The Roaring Twenty: The First Cross-Country Air Race for Women
Margaret Whitman Blair
Hardcover
(National Geographic Children's Books, Feb. 14, 2006)
Adventure, excitement, and fearlessness take wing in the dramatic true story of the twenty aviatrixes who set off on the first Women's Cross-Country Air Derby. Readers will thrill to the feats of "the roaring twenty," the daredevil pilots who pioneered women's aviation in this 2800-mile race from Santa Monica, California, to Cleveland, Ohio, in 1929. This cross-country odyssey was the first of its kind: nine days of grueling endurance that was dismissively dubbed the "Powder Puff Derby" by the press. Yet the American public was captivated. The nation already knew and loved Amelia Earhart, and it soon warmed to such colorful characters as the cigar-smoking stunt flyer Florence Pancho Barnes, former wing-walker Phoebe Omlie, and New York society rebel Opal Kunz.
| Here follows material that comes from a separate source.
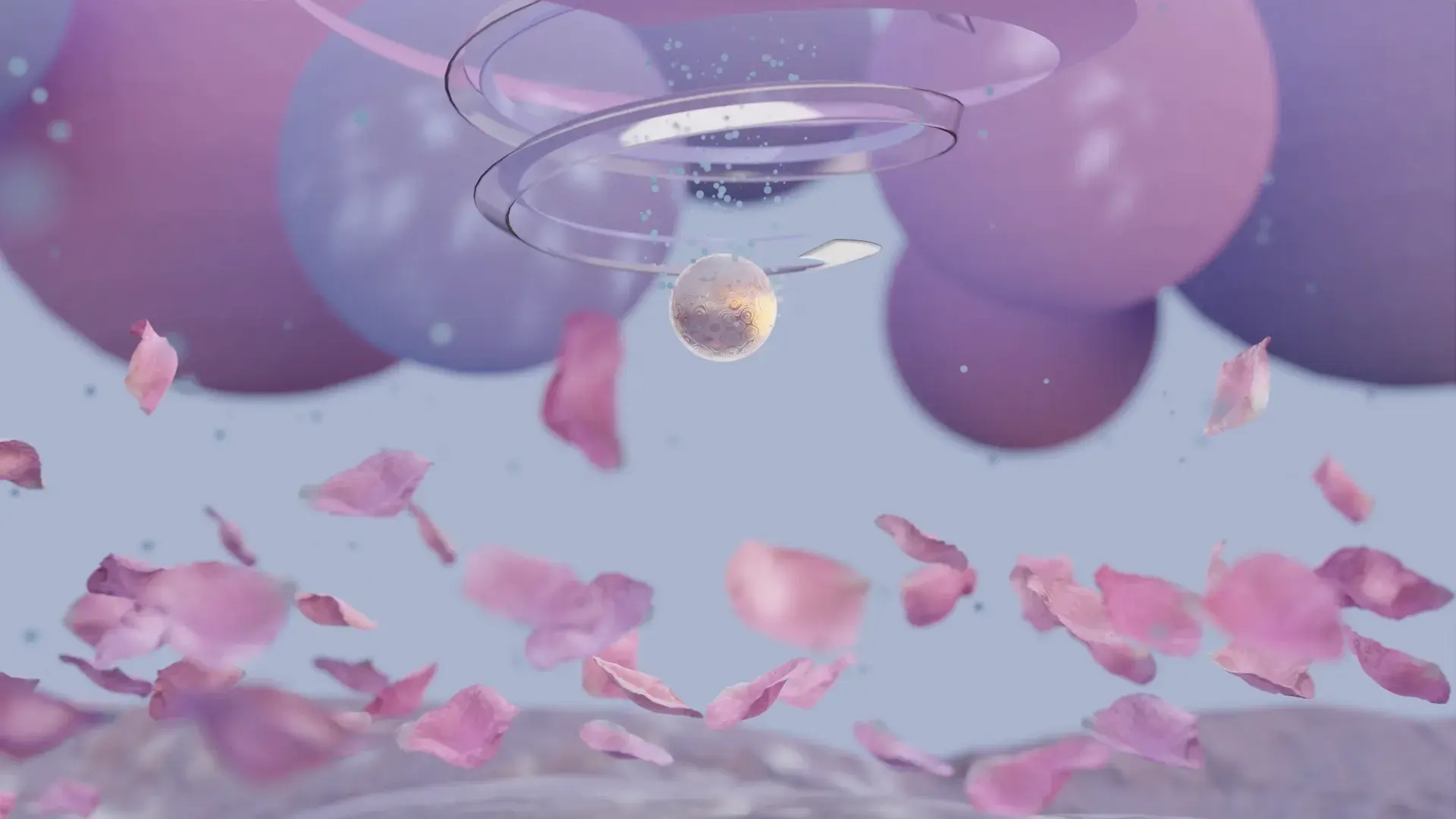Мы стремились передать атмосферу гармонии и нежности через плавную динамику, мягкое освещение и тактильные визуальные образы — лепестки, свет, прозрачные структуры.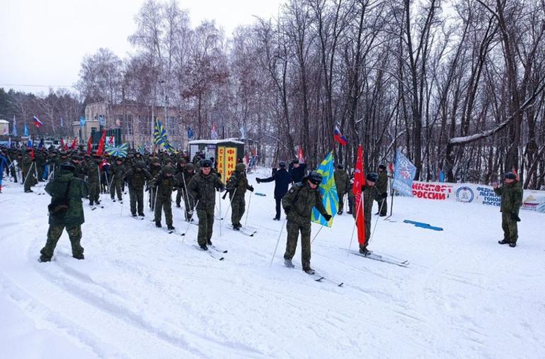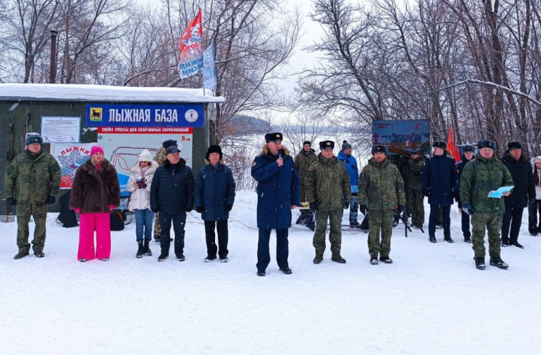 Старт лыжному забегу дали на территории водно-гребной базы. Участников заезда напутствовало руководство сызранского вертолетного училища и почетные гости.

The experienced adventurer Marvel Crosson was one of the early favorites—until her mysterious disappearance. Americans eagerly followed the daily drama, charmed, then shocked, as the race left a twisting trail of intrigue in its slipstream. Relive the intense competition and the death-defying dangers: stormy weather, mechanical challenges, typhoid fever, and even the suspicion of sabotage. The views of a condescending and often hostile press are recounted, as well as the heroines' glamorous appearances at balls and banquets during their soaring nine-day escapade. This real-life tale also provides a bird's-eye view of a feverish period in American social history, as women redefined their roles throughout the "roaring '20s" and the country partied through the Jazz Age before crashing back to Earth with the Depression. Superbly illustrated with fifty evocative duotone photographs, and featuring a detailed National Geographic map of the route, this is a book to capture the imagination and dreams of young girls from coast to coast.